Open davidhuser opened 5 months ago

davidhuser commented 5 months ago

Thanks for the great library. Is it possible to schedule repeated unique jobs? My goal is to enqueue a job, ensure only one instance runs at a time, and re-enqueue it immediately after it finishes, possibly with a configurable interval.

I noticed that RQ offers rq-scheduler for this purpose.

Self-enqueuing, as mentioned in https://github.com/samuelcolvin/arq/issues/432 might not be ideal.

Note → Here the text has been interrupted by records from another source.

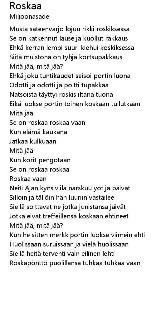 | Se on roskaa roskaa vaan | |
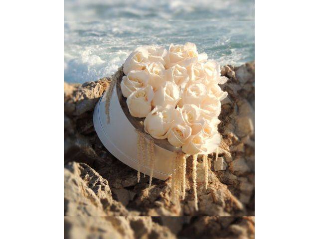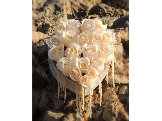 💝Caja en forma de Corazón con rosas de papel de color blanco y amarantus preservado💝 35€
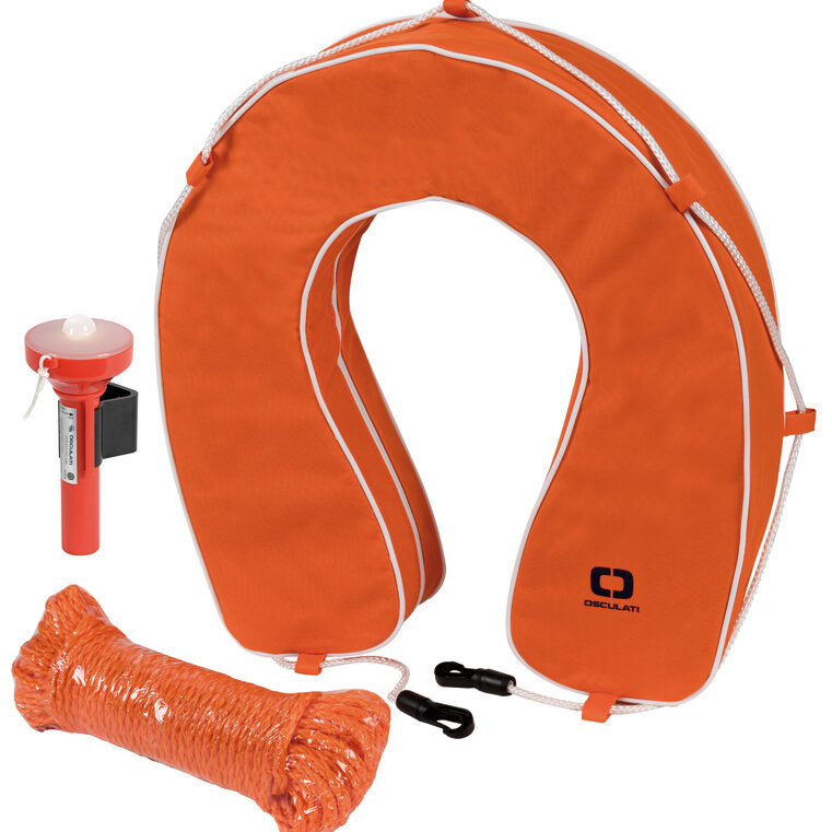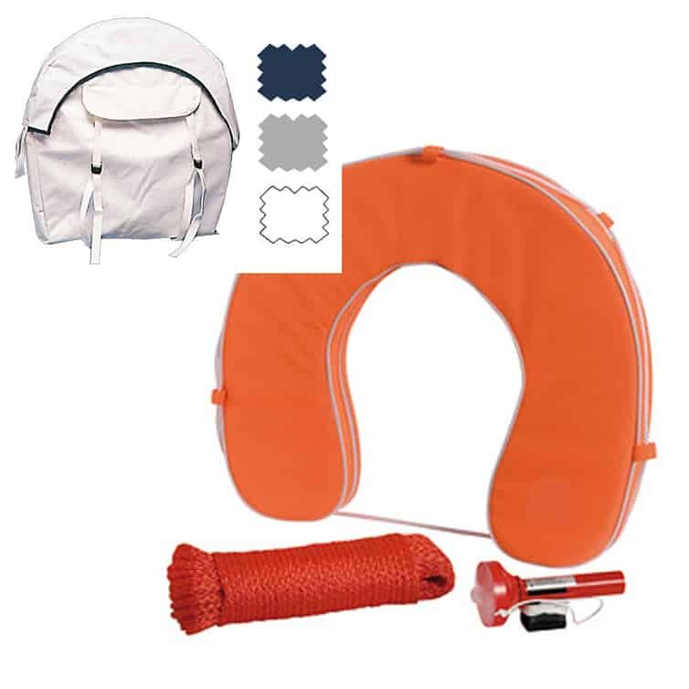 Deze complete reddingsboei set is een essentieel veiligheidsmiddel op ieder schip. De oranje hoefijzervormige boei wordt geleverd met een drijvend LED reddingslicht en een UV-bestendige reddingslijn van 8 mm dikte en 30 meter lang. De stevige hoes, verkrijgbaar in wit, grijs of navy blauw, beschermt de boei en accessoires tegen UV-straling en vuil.
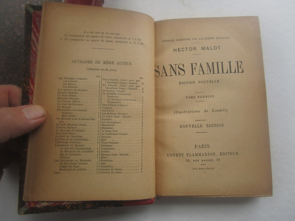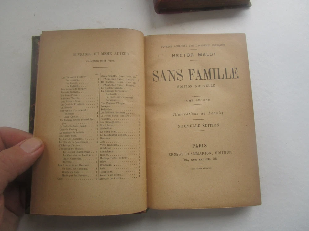This antique 2 volume set of leather bound books is a must-have for any collector or book enthusiast. The books are beautifully illustrated and written by H Malot Paris, featuring a captivating storyline that will keep you engaged. The first edition of these books is a rare find and will make a great addition to any collection. The books are in excellent shape and have been well-preserved, making them a great long-lasting investment. The cover is adorned with intricate detailing and features the title and author's name. The pages are clean and free of any tears or folds, making them an ideal gift for anyone who loves antique books. Don't miss out on the opportunity to own these exquisite books!
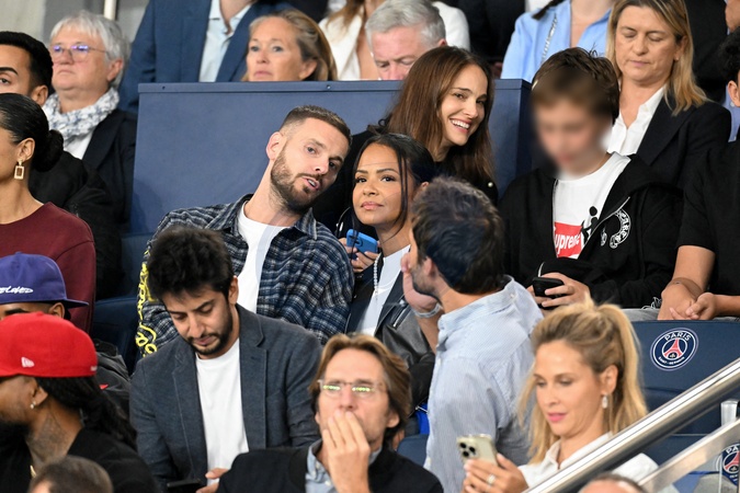 Natalie Portman et son fils Aleph, Christina Milian et son mari M. Pokora (Matt Pokora), Kamel Isker, Alexis Michalik - Célébrités dans les tribunes lors du match de qualification pour la Coupe du Monde 2026 entre la France et l'Islande (2-1) au Parc des Princes à Paris le 9 septembre 2025. © Lionel Urman/Bestimage Celebrities in the stands during the 2026 World Cup qualifying match between France and Iceland (2-1) at the Parc des Princes in Paris on September 9, 2025.
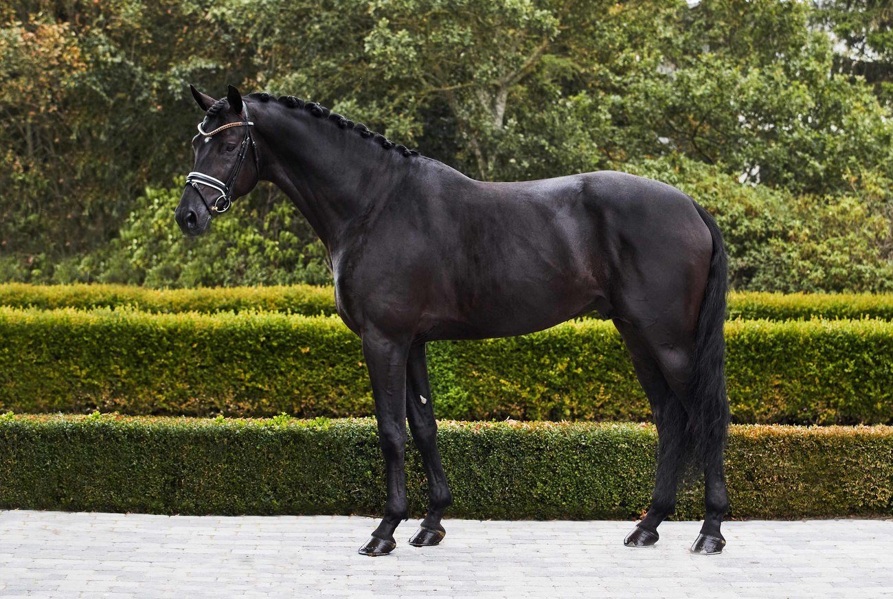 His sire Asgard’s Ibiza combines the genes of the exceptional sires Vivaldi and Jazz and comes from the same dam line as Charmeur, Zhivago and Zuidenwind. In 2017, he completed his stallion performance test in Adelheidsdorf with the expected highlights (9.5 for walk, 9.0 for trot and canter). At the World Championships for five-year-old dressage horses in 2018 in Ermelo/NED, Asgard’s Ibiza qualified for the final with a victory in the Small Final, and finished sixth. Ten sons from his first foal crop were approved for breeding at four different licensing venues. This number has now grown to over 25. He produced our Danish Champion Stallion Iron, the DSP Champion Stallion and Stallion Market price record holder Il Silenzio M, the second Reserve Champion in Westphalia, Imperial MT, as well as the Vice German Champion Ibiza Dream. In 2019, Asgard’s Ibiza won an intermediate (M) level dressage competition at the first attempt and has since been placed in advanced level dressage classes with Markus Gribbe.

Currently, I'm using a cron job with the second parameter set to every 10 seconds. However, the job duration varies:

async def repeated_async_job(ctx):
    async with get_session(ctx) as db:
         do_db_stuff(db)
    return 'success!'

class WorkerSettings:
    cron_jobs: list[CronJob] = [
        cron(
            repeated_async_job,
            second=set(range(0, 59, 10)),
            unique=True,
            run_at_startup=False,
            timeout=60,
            max_tries=1,
            keep_result=0
        )
    ]
    redis_settings = RedisSettings()

Would it be better to handle scheduling with a different tool, like APScheduler's AsyncIOScheduler? If so, how would the scheduler know when the job is finished, and would it matter if it runs with multiple workers (e.g. Gunicorn)?

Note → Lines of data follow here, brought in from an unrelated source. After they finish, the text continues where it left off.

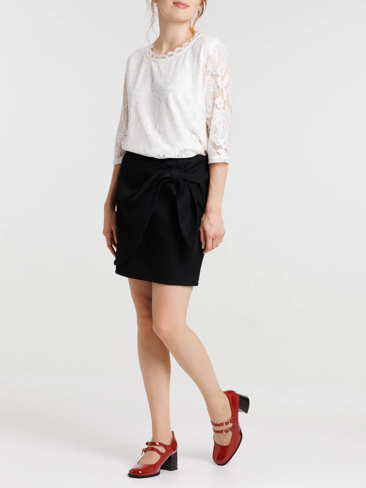 On ne s'en prive pas et on porte cette jupe courte effet portefeuille sans modération cette saison. Elle a tout pour plaire : une matière tweed et un bel imprimé en relief. Plus qu'à succomber !
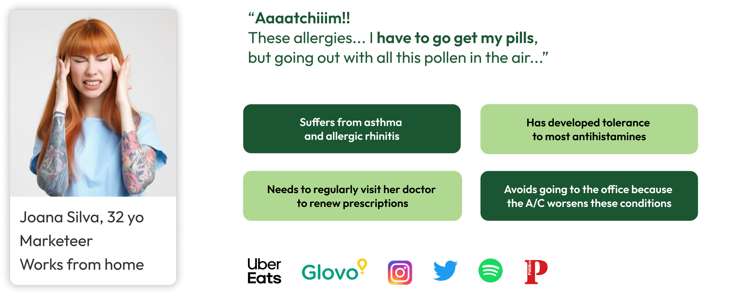 To better empathize with users, we created the persona Joana Silva, a 32-year-old marketeer who works from home and struggles with asthma and allergic rhinitis. Joana frequently needs prescription renewals and experiences discomfort when leaving the house, especially during allergy season.
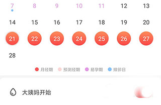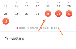 2、然后选择正确的时间来开启大姨妈开始按钮,然后系统就会根据用户之前设置的经期天数来显示正确的日期;同时根据设置的周期长度来预测下一次的经期。
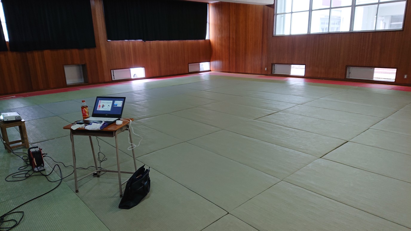 写真にあるのは、5回目となる兵庫県立村岡高等学校(以下、村岡)での出張授業のスライドと、実施した会場(柔道場)です。
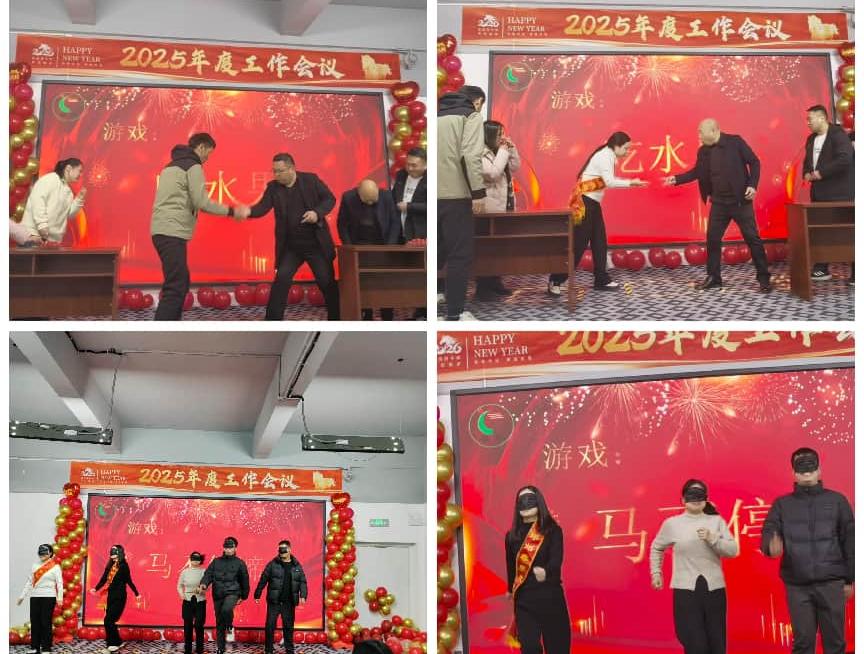 此外,年会还设置了"马不停蹄"、"吃水果"等游戏环节,员工涌跃参与,现场气氛热烈欢快,充满了浓浓的节日氛围。
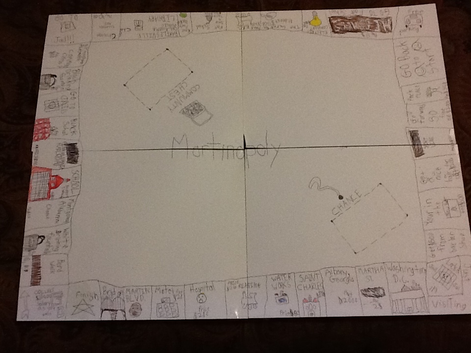 Washington, D.C., was Nick’s own idea because he knew that Dr. King had organized a big march and given a famous speech there. He asked me to name some other places where Dr. King worked; after naming a few off the top of my head, I got a list from Wikipedia for Nicholas to use as he filled in more squares. Instead of the Atlantic City street names used in the original Monopoly, many of the places in Martinopoly are places Dr. King worked against segregation and other places affected by the civil rights movement.
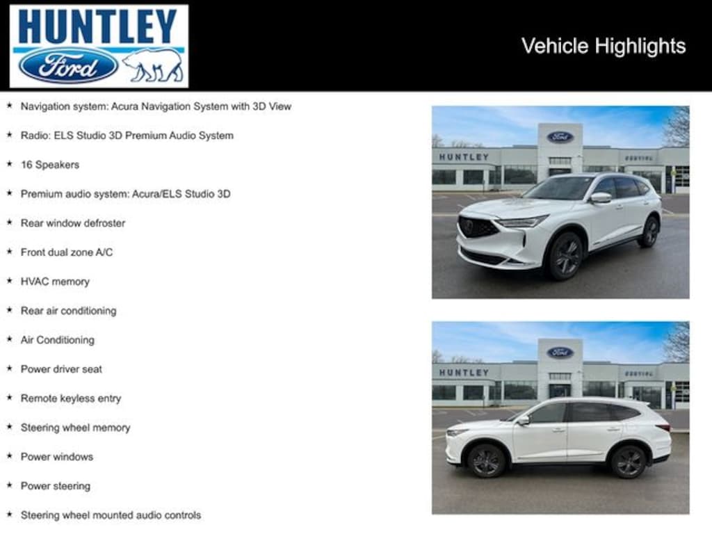 2022 Acura MDX Espresso Leather, 16 Speakers, Air Conditioning, Front dual zone A/C, HVAC memory, Navigation system: Acura Navigation System with 3D View, Power driver seat, Power Liftgate, Power moonroof, Power steering, Power windows, Premium audio system: Acura/ELS Studio 3D, Radio: ELS Studio 3D Premium Audio System, Rear air conditioning, Rear window defroster, Remote keyless entry, Steering wheel memory, Steering wheel mounted audio controls, Wheels: 20" x 9" Aluminum Alloy.
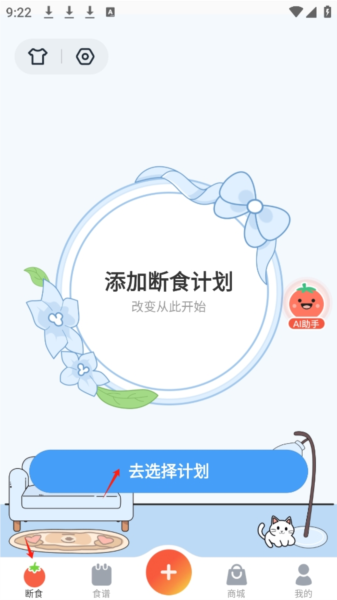 1、启动番茄轻断食app,在断食主页面点击去选择计划按钮。
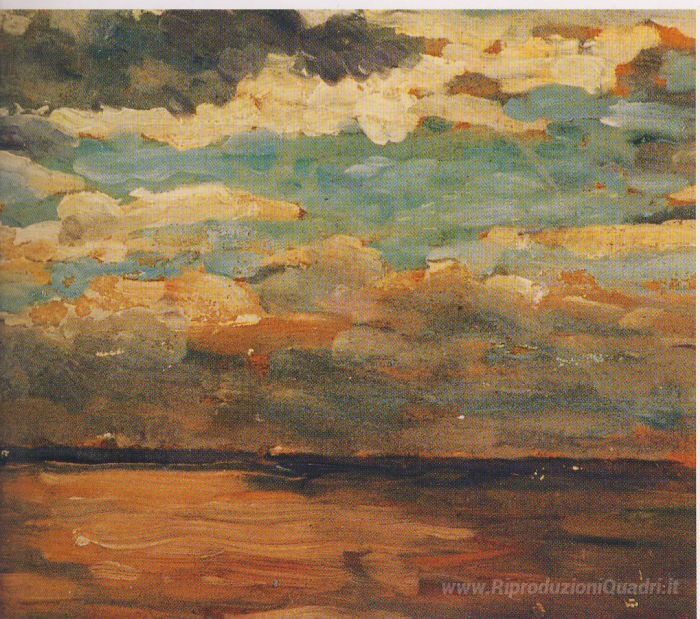 Ti offriamo una riproduzione artigianale su tela dell'opera famosa 'Tramonto sul mare' di Winston Churchill, dal Museo delle Riproduzioni.

epicwhale commented 5 months ago

I loosely recollect having to do this in the past... wouldn't defining a job_id for the cron(..) enforce uniqueness at run time? and to re-enqueue it immediately after it finishes, I believe the repeated_async_job(..) wrapper could enqueue it with the same job_id before it returns?

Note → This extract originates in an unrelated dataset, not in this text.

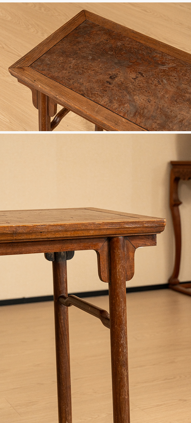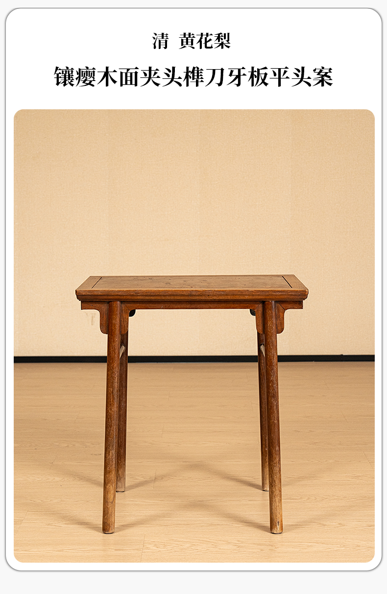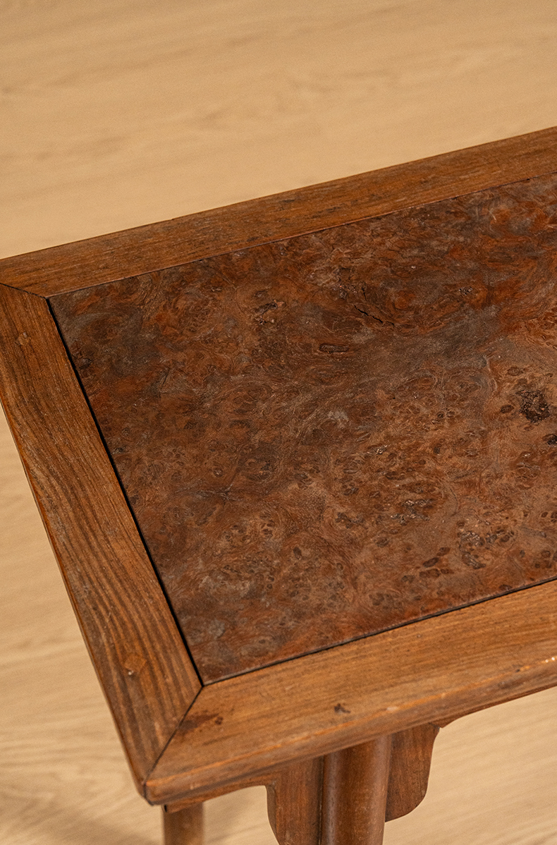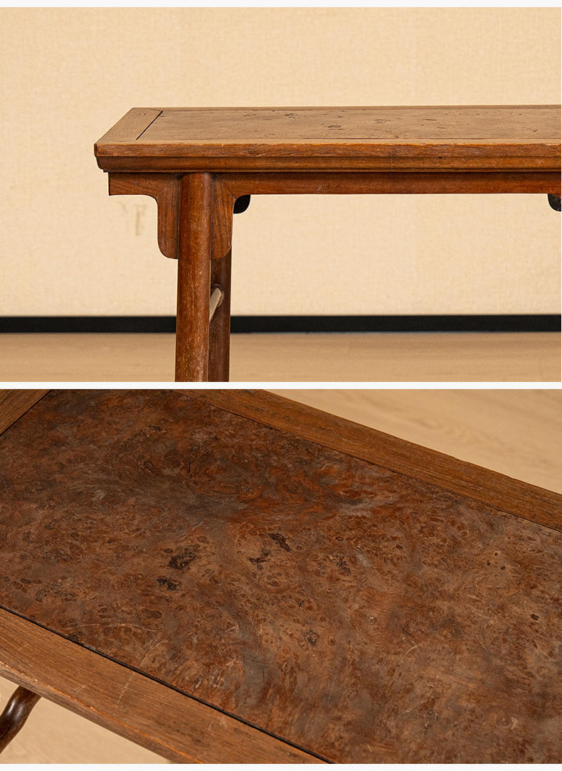 清 黄花梨镶瘿木面夹头榫刀牙板平头案
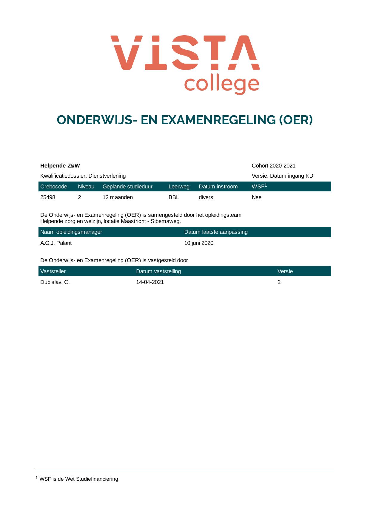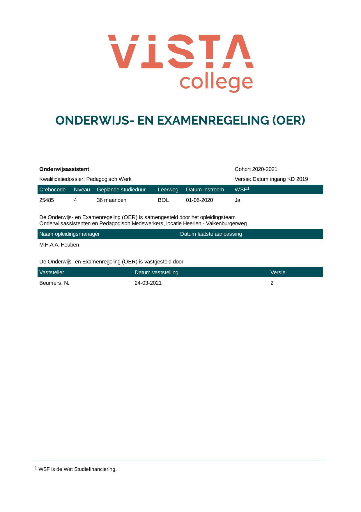 Onderwijsassistent 25485O1S in cohort 2020-2021

davidhuser commented 5 months ago

I'd prefer not to mix cron with func although the cron are converted to func. Below example is func-only.

Regarding your job_id suggestion: The first job can/should have a job_id, but all subsequent jobs cannot have the same job_id because it cannot re-enqueue a job within the job because it is not yet finished.

I tried to workaround this by querying the amount of queued jobs of this task, if it's exactly 1 (the current job) then re-enqueue the next:


import asyncio

from arq import create_pool
from arq.connections import RedisSettings

async def repeated_async_job(ctx):
    # do stuff
    asyncio.sleep(3)

    # re-enqueue if there is exactly one job running (this job)
    redis = ctx['redis']
    queued_jobs = await redis.queued_jobs()
    queued_jobs_len = len([job for job in queued_jobs if job.function == 'repeated_async_job'])
    if queued_jobs_len == 0:
        print("ERROR: should not happen")
    elif queued_jobs == 1:
        # the current job so we can enqueue the next, but without a job_id
        await redis.enqueue_job('repeated_async_job', _job_try=1)
    else:
        print("ERROR: too many jobs")

async def main():
    redis = await create_pool(RedisSettings())
    # startup job with unique ID
    await redis.enqueue_job('repeated_async_job', _job_id='app.main.startup', _job_try=1)

class WorkerSettings:
    functions = [repeated_async_job]

if __name__ == '__main__':
    asyncio.run(main())

it seems to work, but not sure if there is a better/native way to do this.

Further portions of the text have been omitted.